Entries taken from a collection:
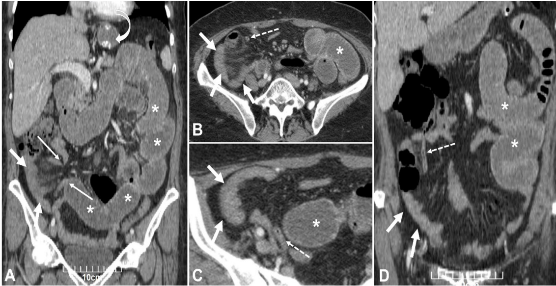
Figure 1. CT scan of the patient in coronal (A and D) and axial (B and C) views. Collapsed herniated loops of distal ileum are seen at RLQ (arrows) with mild adjacent mesenteric fluid and fat haziness associated with upstream small bowel dilatation (asterisks). An elongated loop of the appendix (dotted arrows) is noted arising from a highly located cecum extending down to the sac of hernia on the right side of the pelvis without appendiceal wall thickening. Two focal areas of luminal narrowing with beak-like appearance (thin arrows) are depicted in the distal ileum at the neck of the internal hernia with dilated upstream and collapsed downstream ileum showing a closed loop appearance. Signs of previous gastric sleeve surgery are seen in the upper abdomen (curved arrow).

with oral agents. Past medical surgeries consist of cesarean section (15 years ago), cholecystectomy (15 years ago), sleeve surgery (14 months ago), and hemorrhoidectomy (15 years ago). On the physical exam, the abdomen was soft, and only diffuse tenderness particularly periumbilical was observed. The vital signs were within normal limits. There were no other abnormal findings in physical examinations. Considering our more probable differential diagnosis (i.e., intestinal obstruction/perforation/ appendicitis, and peptic ulcer), she underwent imaging studies.
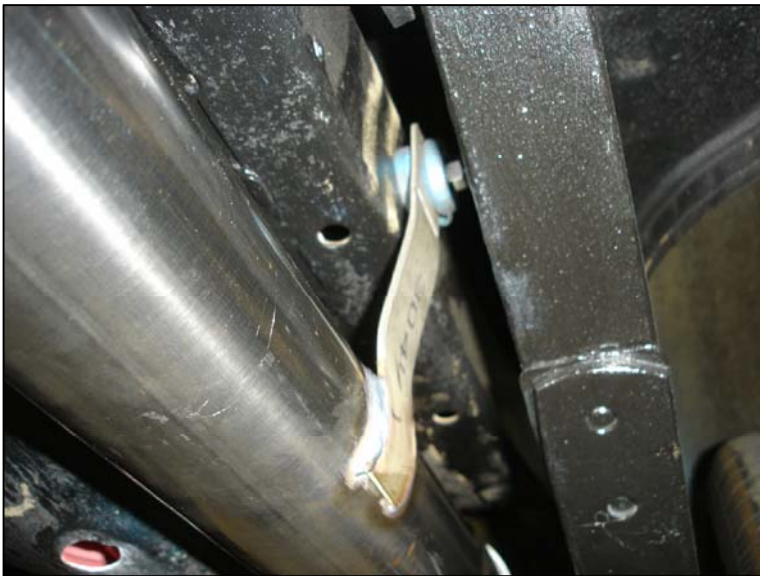
Fig. # 2

Step 7: Once a final position has been chosen for the new system, evenly tighten all fasteners from front to rear. Inspect all fasteners after 25-50 miles of operation and retighten if necessary.
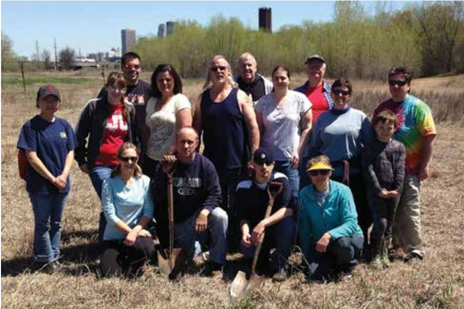
For the 14th year in a row, volunteers from Data Recognition Corporation and members of CLPA planted native-species wildflowers in the Cedar Lake Park Prairie. This year we planted on May 30, 2014.
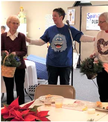
Ladies Christmas Party
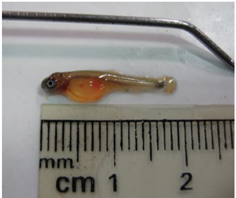
Recently hatched Snake River cutthroat trout from the Jackson National Fish Hatchery. A cooperative research project is ongoing with several agencies and Service facilities to investigate diet, temperature, and density propagation requirements for three strains of cutthroat trout and Gila trout.
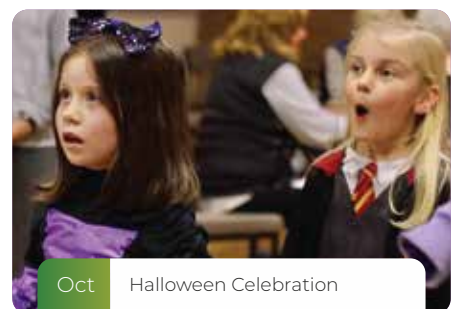
Oct Halloween Celebration
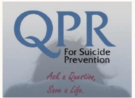
*For ages 10 and older

Learn more about how you can help save a life.
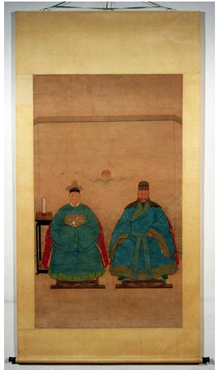
Ill. 9. "The Portraits of the Ancestors", 19th/20th c., private collection in Warsaw. Condition after the conservation treatment
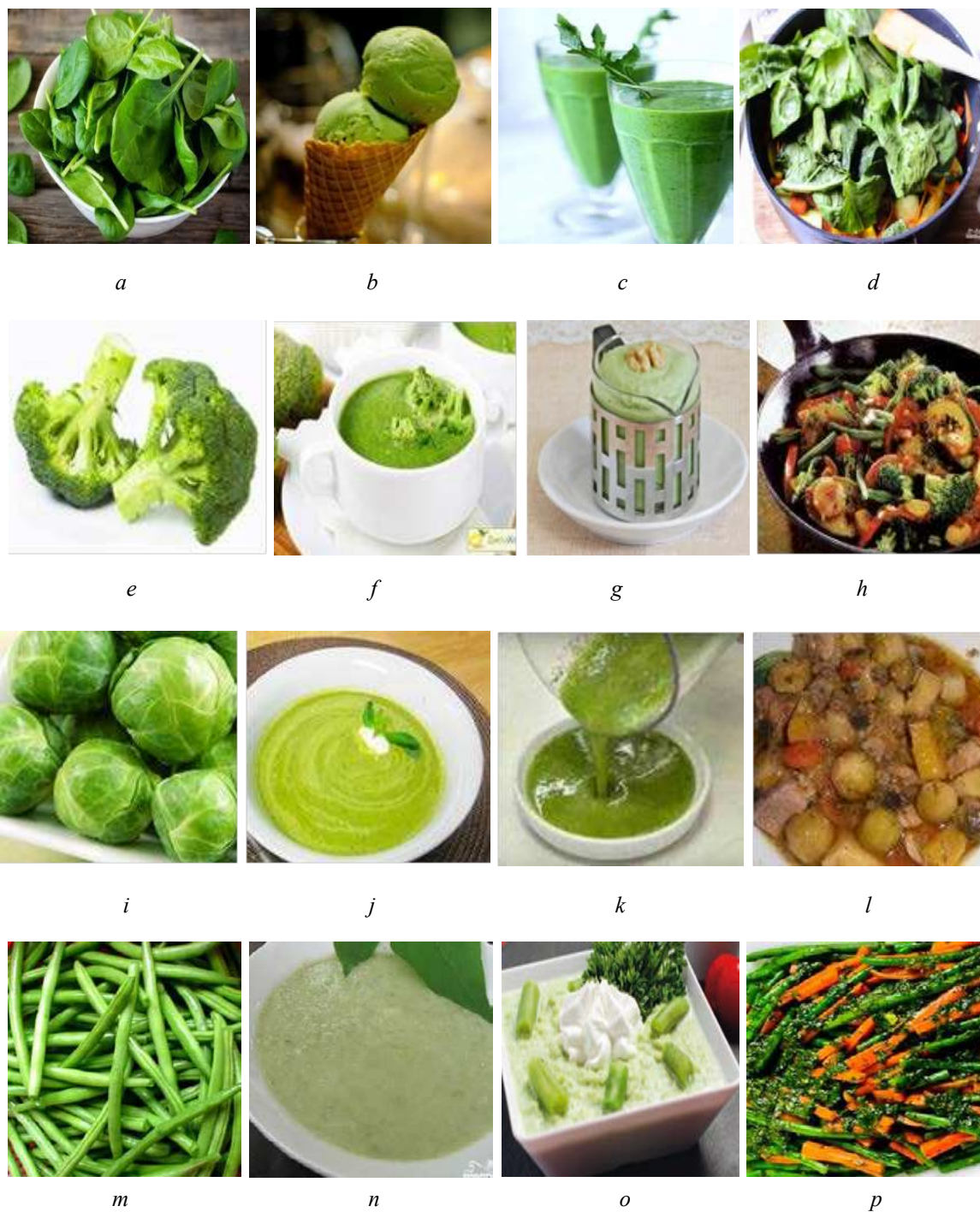
Fig. 3. Chlorophyll-containing vegetables and healthy nanoproducts of them: a, b, c, d – fresh spinach ( a ) and healthy product of it: sorbets ( b ), nanodrinks ( c ), soup-puree ( d ), e, f, g, h – fresh broccoli ( e ) healthy products of it: soup-puree ( f ), sauce-dressing ( g ), vegetable ragout ( h ); i, j, k, l – fresh Brussels cabbage ( i ) and healthy products of it: soup-puree ( j ), sauce-dressing ( k ), vegetable ragout ( l ), m, n, o, p – fresh leguminous haricot ( m ) and healthy products of it: soup-puree ( n ), sauce-dressing ( o ), vegetable ragout ( p )
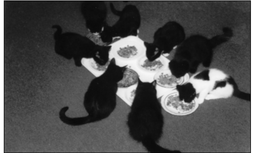
Feeding time for another group of 8 cats that homes were found for
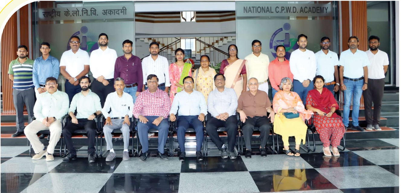
Course on Building Information Modeling with Integrated Services for CPWD Officers from July 22 to 26, 2024 at National CPWD Academy, Ghaziabad
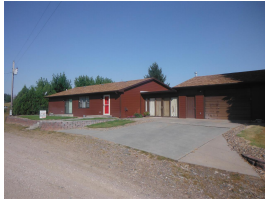
24 x 24 garage
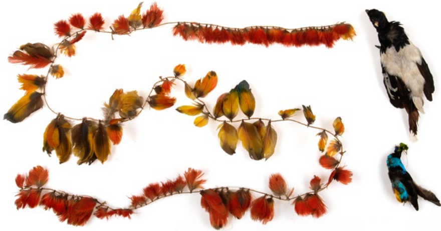
Pl. 7. Feather ornaments for musical instruments from the San Antonio de Yavita community. From left: Inv. Nos. 45737, 63951, 63921.
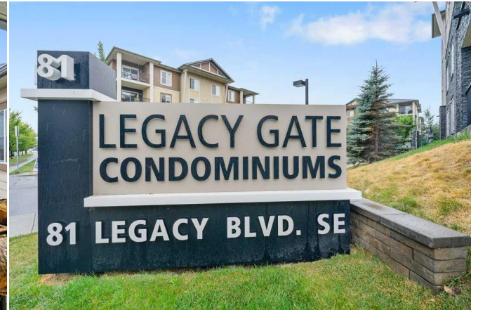
2417-81 Legacy Blvd SE, Calgary, AB
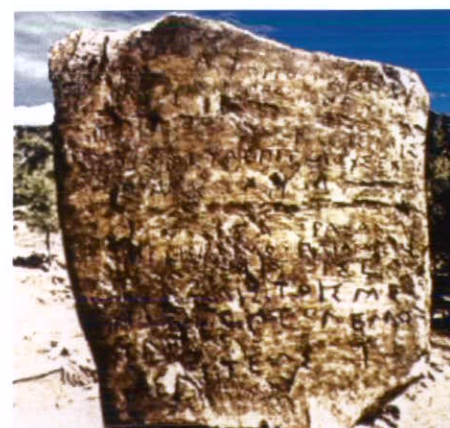
Figure 2 Slab from Ancient Laurium describing a mortgage of a mining property at Laurium. Acropolis Trustee, Museum of Ancient Agora, Athens, Greece.

Silver, won from cupellation of argentiferous galena at Laurium, south of Athens, where archeological evidence shows that mining began about 3500-3000 B.C., funded the Athenian fleet's victory over the Persian flotilla at Salamis in 480 B.C. (Kakavoyannis, 1988, p. 44-45; Raymond, 1984). The oldest known mining documents, also from Laurium, are marble slab inscriptions. One (Fig. 2), now in charge of the Acropolis Trustee, Museum of the Ancient Agora in Athens, concerns a mortgage on a mining property. Romans prospected and explored from Anatolia in the east to Cornwall in the northwest using many time-honoured methods such as surface stripping, pitting, trenching, and "divining," as well as currently used indicators. They are known to have "grubstaked" local prospectors who were sent to seek out mineralized outcroppings and auriferous placers. Gossan prospecting is not new! Gossans or "eisen huts" in later European terminology, were indicators not only to Romans but to their predecessor Egyptian and Phoenician explorers. This "live" gossan (Fig. 3) remains visible on outcrops above the now mined out, 20 million tons of ca. 4.0% Cu ore body at Mavrovouni in Cyprus. It must surely have attracted the attention of earliest prospectors, perhaps leading to the copper mining which, according to archeological evidence, had begun by
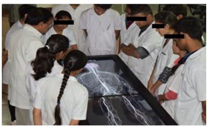
Fig. 2: Students using "Anatomage" virtual dissection table to learn neuroanatomy
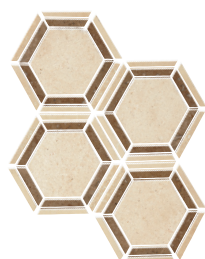
TORREON T711 6" Hexagon Mosaic Honed
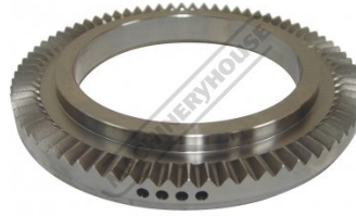
C2883 Replacement Scroll
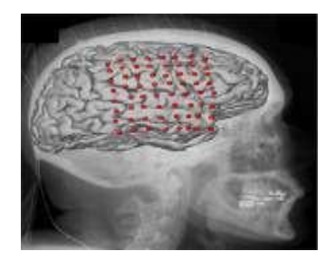
Fig 1: Artist's view of Electrode Implants.
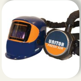
AUTOVISION PLUS FRESH AIR WELDSHIELD Product number: 767000

Do not operate equipment for welding or related thermal processes unless you are thoroughly familiar with the process, the equipment, rules and regulations related to the process and equipment; including proper use of accessories, e.g. fire extinguishers. Preparation for hot-work onboard should include, without being limited to, the points below to ensure safe operation.
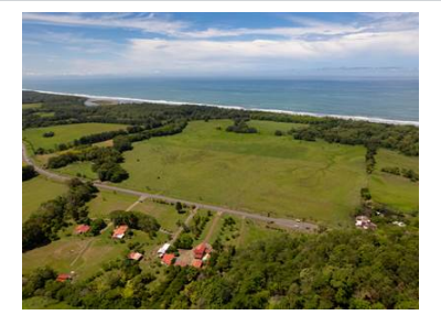
• Type: Farm and Ranch • Style: Lot / Land
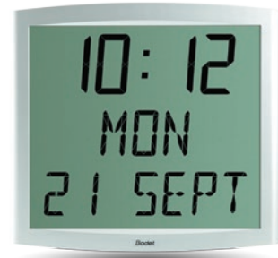
Fixed or alternating display.
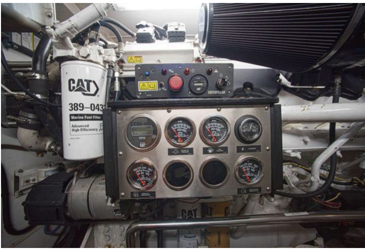
Engine control panel of a 2009 Marlow 78E yacht with CAT marine fuel filter.

Task statement
Leaving out the pictures, please output the lines in the entries above from the one with "Pl. 7. Feather" through the one with "Figure 2 Slab", exactly as they are.

Final answer
Pl. 7. Feather ornaments for musical instruments from the San Antonio de Yavita community. From left: Inv. Nos. 45737, 63951, 63921.
2417-81 Legacy Blvd SE, Calgary, AB
Figure 2 Slab from Ancient Laurium describing a mortgage of a mining property at Laurium. Acropolis Trustee, Museum of Ancient Agora, Athens, Greece.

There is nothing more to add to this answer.